# canoe/rowing boat/kayak in Sao Martinho do Porto



## barricades (Jul 17, 2010)

Hi there, my folks have an apartment in the lovely Sao Martinho do Porto which they are kindly donating to me for a few weeks holidays in sept/oct.

If you've been to SMP then you'll know it's got a lovely big sheltered bay which looks like it'd be good craic for a canoe or a rowing boat or a kayak.

My folks also have a large store room and an unused underground parking space, one of which I reckon would be suitable as a store.

So my question is, is there anywhere nearby that sells these things preferably 2nd hand but 1st hand if I have to.

thanks in advance


----------



## moggy666 (Jul 7, 2010)

barricades said:


> Hi there, my folks have an apartment in the lovely Sao Martinho do Porto which they are kindly donating to me for a few weeks holidays in sept/oct.
> 
> If you've been to SMP then you'll know it's got a lovely big sheltered bay which looks like it'd be good craic for a canoe or a rowing boat or a kayak.
> 
> ...


Hi, the last time i was there, June this year, there was a shop along towards the harbour end in Nazare (Just aong the coast form SMP) that rented out and sold canoes, kayaks and equipment. I dont know if the used boats they had on display were for sale or just the ones they rented out. They also seemed to have a notice board with, what looked like, for sale signs on. I didnt take much notice as i wasn't after a boat . Hope this helps

Rik lane:


----------



## barricades (Jul 17, 2010)

thanks for replying, I've had a bit of a google for water sports equipment shops in nazare but it's all just apartment rentals sites that come up so far.

It's a definite lead though so thanks. Anybody know it's name, or if it has a website?


----------



## silvers (Sep 22, 2008)

barricades said:


> thanks for replying, I've had a bit of a google for water sports equipment shops in nazare but it's all just apartment rentals sites that come up so far.
> 
> It's a definite lead though so thanks.
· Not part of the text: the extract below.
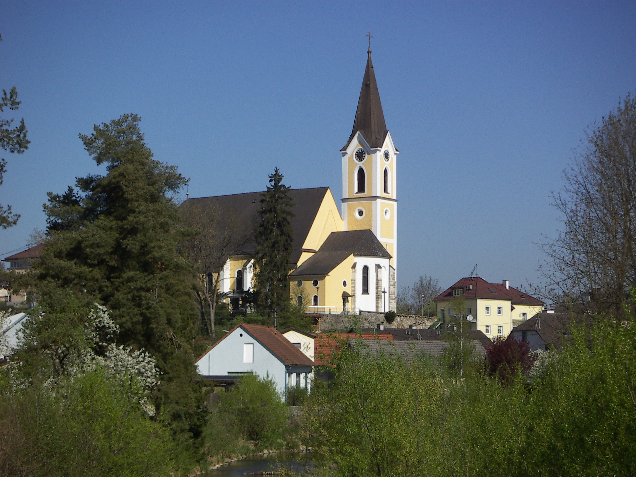 The Roman-Catholic Parish Church of St. Georgen an der Gusen, Austria from the South

Anybody know it's name, or if it has a website?


Visit São Martinho do Porto


----------



## barricades (Jul 17, 2010)

cheers silvers, I've sent them an email


----------



## siobhanwf (Mar 20, 2009)

Should you think about buying a kayak/canoe you will find them here:

Decathlon - Resultados da pesquisa


The nearest stores are at Santarem and Torres Vedras


----------



## siobhanwf (Mar 20, 2009)

Alternatively www.Leiloes.com is a kind of Portuguese EBAY

kayak na Categoria Desporto e Lazer no Leiloes.net - Comprar e Vender na Internet

Another ebay type site is Anúncios grátis em Portugal, anúncios classificados em Portugal (Compra em Portugal, Venda em Portugal, Contatos em Portugal, Motor em Portugal, Moradia - Locais Comunidade em Portugal,...)
You can change the site to English at the top right.
You can then on the left hand side choose a specific area


----------